The Taiyuan city government will require wine and liquor stores to display signs from next year explaining that alcohol sales to minors are prohibited, the Shanxi Evening News reports. Most local shopkeepers said they were not aware such sales were illegal and some complained that the law was difficult to enforce because parents send their children to buy alcohol for them.

Basketball players robbed

Two players with the PLA basketball team had most of their valuables stolen from a hotel room during a visit to Taiyuan on Wednesday, Xinhua reports. Employees said a man who presented a military ID ordered them to let him into the room. The PLA team were losing to Shanxi at the time.
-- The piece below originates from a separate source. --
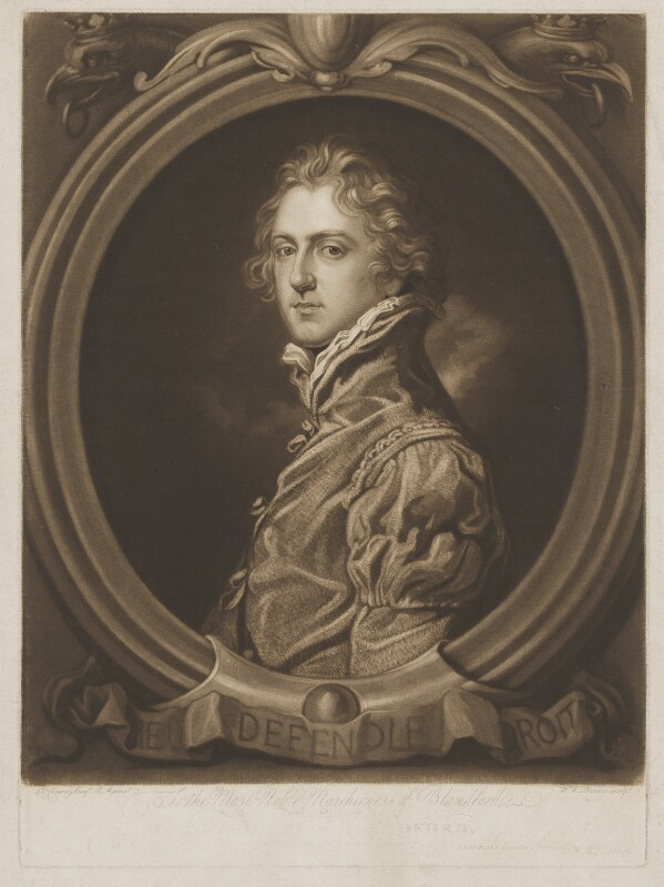 George Spencer Churchill 5th Duke of Marlborough by William Whiston Barney, after Richard Cosway mezzotint, 1803-1808

14 years' jail for embezzler

A former accountant from Dingbian county's public finance bureau has been jailed for 14 years after gambling away 1.5 million yuan in government funds, the Xian Evening News reports. The court said the official took the money from the bureau's bank account and lost it all. He turned himself in last year after a decade on the run.

Tang women 'provocative'

Newly discovered paintings on Tang dynasty (618-907) tombs in Xian suggest that some women of the day showed much more cleavage than would have been socially acceptable in subsequent eras, Xinhua reports. Archaeologists said the appearance of women wearing low-cut dresses in the paintings could mean a more relaxed attitude towards sex.


Fishmonger gutted by loss

Two people were injured and two tonnes of fish died when a dozen cars and trucks collided on a foggy highway in Guangan on Thursday, the West China City Daily reports. The owner of the fish, mostly carp destined for restaurants in Chongqing, said he was afraid he would go bankrupt after losing his entire load.

Project heats well water

A government geologist says a construction project near Linyan village, Dujiangyan city, might have caused a dramatic increase in temperature in water from a local well, the Chengdu Business News reports. The jump sparked panic among some locals, who worried it might portend a disaster.


Snowstorms create havoc

A series of large snowstorms has battered Xinjiang in recent months, killing at least one and damaging more than 1,000 homes, the Xinjiang Daily said. The storms have also damaged more than 27 hectares of farmland. Roads, telecommunications and electric power have been cut to many of the 30,000 residents in the affected areas. The regional government said it was sending hundreds of tonnes of food and fuel to the worst-hit areas.

Wolves slaughter sheep

Panic gripped herdsmen in Baiyanggou village, Urumqi , on Monday after a pack of wolves killed 28 sheep and injured 19, the Xinjiang Daily reports. Most were pregnant and had their throats torn open, with the blood spilling over a small hill, according to their Uygur owner. Residents said they had not seen such a large wolf attack in decades.